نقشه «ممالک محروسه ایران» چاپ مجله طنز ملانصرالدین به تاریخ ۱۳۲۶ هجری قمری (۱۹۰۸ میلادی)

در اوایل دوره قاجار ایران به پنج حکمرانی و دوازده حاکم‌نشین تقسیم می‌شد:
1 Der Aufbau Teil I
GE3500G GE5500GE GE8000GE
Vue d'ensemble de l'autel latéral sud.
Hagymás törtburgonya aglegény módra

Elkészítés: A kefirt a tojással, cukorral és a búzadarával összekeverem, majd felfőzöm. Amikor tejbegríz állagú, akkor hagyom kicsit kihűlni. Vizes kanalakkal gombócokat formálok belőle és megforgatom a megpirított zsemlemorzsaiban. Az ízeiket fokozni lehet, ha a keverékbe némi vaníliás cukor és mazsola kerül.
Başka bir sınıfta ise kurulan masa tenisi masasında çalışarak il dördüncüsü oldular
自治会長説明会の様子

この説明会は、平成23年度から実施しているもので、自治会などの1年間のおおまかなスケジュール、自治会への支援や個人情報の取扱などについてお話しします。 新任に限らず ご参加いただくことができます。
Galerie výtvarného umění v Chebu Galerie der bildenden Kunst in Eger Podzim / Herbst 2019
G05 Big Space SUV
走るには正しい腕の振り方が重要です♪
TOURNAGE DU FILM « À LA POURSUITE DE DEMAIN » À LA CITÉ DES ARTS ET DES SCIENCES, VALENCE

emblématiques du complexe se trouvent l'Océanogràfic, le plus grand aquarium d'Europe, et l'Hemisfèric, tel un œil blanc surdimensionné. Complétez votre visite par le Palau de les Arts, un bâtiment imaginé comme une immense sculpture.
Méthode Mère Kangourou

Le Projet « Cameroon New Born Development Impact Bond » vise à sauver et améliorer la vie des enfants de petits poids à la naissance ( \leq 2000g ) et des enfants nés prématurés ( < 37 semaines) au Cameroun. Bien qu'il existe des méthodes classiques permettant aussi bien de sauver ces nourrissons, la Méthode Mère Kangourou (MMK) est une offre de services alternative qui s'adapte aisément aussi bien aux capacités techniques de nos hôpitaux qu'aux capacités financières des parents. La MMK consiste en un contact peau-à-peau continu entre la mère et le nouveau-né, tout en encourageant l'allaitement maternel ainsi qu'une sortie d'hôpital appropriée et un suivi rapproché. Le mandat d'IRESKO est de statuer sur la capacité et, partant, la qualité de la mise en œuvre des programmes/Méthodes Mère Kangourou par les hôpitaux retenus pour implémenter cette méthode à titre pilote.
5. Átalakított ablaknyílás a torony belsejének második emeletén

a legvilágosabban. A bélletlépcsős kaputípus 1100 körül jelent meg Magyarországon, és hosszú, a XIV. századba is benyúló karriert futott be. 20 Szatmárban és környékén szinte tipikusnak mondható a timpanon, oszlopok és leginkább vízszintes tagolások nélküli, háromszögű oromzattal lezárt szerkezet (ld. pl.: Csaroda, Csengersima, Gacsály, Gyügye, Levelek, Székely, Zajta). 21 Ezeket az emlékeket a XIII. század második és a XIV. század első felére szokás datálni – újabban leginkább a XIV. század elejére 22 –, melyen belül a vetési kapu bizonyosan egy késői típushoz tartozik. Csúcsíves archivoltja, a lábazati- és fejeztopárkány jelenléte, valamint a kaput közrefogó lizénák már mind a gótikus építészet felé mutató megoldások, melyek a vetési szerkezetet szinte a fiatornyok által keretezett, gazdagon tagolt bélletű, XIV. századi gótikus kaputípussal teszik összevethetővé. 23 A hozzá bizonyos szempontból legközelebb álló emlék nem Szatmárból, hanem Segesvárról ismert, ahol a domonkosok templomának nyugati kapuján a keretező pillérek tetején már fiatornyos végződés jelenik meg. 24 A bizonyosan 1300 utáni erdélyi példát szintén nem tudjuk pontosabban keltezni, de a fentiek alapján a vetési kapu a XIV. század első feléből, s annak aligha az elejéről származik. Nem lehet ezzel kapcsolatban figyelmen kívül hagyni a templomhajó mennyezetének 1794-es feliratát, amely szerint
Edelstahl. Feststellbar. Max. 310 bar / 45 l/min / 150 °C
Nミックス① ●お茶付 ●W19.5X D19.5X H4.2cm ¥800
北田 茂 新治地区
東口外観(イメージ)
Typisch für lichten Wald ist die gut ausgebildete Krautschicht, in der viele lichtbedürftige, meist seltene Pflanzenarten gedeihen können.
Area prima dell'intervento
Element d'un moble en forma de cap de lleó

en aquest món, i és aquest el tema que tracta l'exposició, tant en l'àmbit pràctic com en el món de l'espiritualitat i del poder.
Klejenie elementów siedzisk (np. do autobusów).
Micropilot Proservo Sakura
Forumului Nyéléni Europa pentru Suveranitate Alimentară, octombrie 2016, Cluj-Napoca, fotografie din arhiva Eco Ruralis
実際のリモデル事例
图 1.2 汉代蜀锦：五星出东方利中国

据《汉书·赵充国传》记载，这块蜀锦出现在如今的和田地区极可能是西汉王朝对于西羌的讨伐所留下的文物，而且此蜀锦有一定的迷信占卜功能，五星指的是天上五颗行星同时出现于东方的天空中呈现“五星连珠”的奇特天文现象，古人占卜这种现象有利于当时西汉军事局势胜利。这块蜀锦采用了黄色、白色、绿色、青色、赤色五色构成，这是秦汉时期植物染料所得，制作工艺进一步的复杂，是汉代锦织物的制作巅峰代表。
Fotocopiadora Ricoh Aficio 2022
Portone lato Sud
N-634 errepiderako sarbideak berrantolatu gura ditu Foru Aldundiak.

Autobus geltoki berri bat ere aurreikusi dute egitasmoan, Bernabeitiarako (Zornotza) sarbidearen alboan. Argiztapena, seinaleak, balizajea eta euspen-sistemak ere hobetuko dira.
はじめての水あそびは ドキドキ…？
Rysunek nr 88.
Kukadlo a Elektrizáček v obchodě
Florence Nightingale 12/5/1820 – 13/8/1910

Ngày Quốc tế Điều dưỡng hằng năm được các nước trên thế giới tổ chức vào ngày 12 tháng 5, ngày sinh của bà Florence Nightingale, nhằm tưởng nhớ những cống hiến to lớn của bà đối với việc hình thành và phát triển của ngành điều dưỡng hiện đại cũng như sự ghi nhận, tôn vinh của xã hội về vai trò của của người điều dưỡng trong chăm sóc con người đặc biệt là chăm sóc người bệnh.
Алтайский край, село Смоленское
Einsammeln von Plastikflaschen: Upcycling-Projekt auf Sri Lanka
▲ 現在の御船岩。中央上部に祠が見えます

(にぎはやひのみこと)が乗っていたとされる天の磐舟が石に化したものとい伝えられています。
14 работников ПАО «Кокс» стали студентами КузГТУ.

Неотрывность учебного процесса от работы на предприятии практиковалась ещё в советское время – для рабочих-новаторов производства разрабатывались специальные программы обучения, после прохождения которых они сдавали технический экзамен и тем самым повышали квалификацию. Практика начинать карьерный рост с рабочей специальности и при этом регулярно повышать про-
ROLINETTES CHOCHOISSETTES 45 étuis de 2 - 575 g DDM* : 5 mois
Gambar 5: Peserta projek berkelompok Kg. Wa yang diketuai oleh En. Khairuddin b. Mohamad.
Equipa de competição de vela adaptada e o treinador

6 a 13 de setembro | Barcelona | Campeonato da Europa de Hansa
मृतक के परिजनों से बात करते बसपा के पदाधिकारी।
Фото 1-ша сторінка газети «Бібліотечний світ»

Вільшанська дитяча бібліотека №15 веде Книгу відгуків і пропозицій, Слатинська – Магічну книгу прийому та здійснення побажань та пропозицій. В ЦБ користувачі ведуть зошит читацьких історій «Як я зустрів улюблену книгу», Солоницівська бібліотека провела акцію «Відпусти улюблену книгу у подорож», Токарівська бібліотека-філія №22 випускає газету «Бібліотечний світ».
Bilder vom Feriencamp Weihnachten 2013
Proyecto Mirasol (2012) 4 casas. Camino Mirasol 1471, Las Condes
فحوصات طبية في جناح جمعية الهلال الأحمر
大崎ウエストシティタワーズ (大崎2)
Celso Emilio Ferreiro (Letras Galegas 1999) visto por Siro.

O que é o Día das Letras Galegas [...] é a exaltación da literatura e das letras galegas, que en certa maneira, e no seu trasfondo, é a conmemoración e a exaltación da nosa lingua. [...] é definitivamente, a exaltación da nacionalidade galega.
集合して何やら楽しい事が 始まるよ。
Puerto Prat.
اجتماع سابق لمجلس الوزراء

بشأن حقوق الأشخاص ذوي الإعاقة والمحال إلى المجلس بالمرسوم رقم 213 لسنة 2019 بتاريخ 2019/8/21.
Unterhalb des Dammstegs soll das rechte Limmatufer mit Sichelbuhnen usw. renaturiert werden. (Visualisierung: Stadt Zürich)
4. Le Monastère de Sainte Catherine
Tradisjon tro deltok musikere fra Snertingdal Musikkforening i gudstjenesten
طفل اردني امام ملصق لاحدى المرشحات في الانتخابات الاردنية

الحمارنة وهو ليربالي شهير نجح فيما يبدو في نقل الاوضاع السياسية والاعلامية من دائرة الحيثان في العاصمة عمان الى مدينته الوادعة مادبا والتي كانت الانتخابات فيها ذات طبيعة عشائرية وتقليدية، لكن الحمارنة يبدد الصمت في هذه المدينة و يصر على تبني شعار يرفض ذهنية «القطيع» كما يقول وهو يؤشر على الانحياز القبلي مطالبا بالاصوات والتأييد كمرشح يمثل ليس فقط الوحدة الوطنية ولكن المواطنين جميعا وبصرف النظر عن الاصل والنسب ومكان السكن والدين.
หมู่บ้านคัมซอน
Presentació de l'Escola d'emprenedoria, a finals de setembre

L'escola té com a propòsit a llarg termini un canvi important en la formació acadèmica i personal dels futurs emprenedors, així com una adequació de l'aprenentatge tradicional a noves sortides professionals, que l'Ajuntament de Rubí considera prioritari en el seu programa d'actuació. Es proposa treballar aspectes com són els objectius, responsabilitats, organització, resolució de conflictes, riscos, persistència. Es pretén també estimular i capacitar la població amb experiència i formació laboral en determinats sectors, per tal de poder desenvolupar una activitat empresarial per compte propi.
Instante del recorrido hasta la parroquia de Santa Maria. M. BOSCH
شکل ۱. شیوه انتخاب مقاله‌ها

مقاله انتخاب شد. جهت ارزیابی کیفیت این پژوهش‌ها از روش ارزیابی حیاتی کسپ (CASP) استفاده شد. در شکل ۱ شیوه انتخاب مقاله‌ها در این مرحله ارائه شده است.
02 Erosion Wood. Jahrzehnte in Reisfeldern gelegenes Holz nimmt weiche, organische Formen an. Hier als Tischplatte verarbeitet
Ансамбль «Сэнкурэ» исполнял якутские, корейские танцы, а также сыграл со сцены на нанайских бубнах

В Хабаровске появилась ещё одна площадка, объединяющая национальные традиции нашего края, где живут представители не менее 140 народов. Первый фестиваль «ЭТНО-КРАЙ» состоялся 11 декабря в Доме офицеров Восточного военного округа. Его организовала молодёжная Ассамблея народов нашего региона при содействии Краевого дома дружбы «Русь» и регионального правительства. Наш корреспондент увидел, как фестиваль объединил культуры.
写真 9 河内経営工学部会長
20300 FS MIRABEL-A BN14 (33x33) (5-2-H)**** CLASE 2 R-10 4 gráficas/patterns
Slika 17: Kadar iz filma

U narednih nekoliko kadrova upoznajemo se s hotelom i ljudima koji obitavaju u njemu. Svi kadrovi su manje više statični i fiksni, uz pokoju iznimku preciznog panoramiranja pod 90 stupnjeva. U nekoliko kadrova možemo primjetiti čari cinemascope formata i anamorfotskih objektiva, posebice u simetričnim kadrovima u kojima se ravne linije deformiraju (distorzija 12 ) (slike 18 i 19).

--------------------

From the entries above, return each line with the word "مقاله" in it.

شکل ۱. شیوه انتخاب مقاله‌ها
مقاله انتخاب شد. جهت ارزیابی کیفیت این پژوهش‌ها از روش ارزیابی حیاتی کسپ (CASP) استفاده شد. در شکل ۱ شیوه انتخاب مقاله‌ها در این مرحله ارائه شده است.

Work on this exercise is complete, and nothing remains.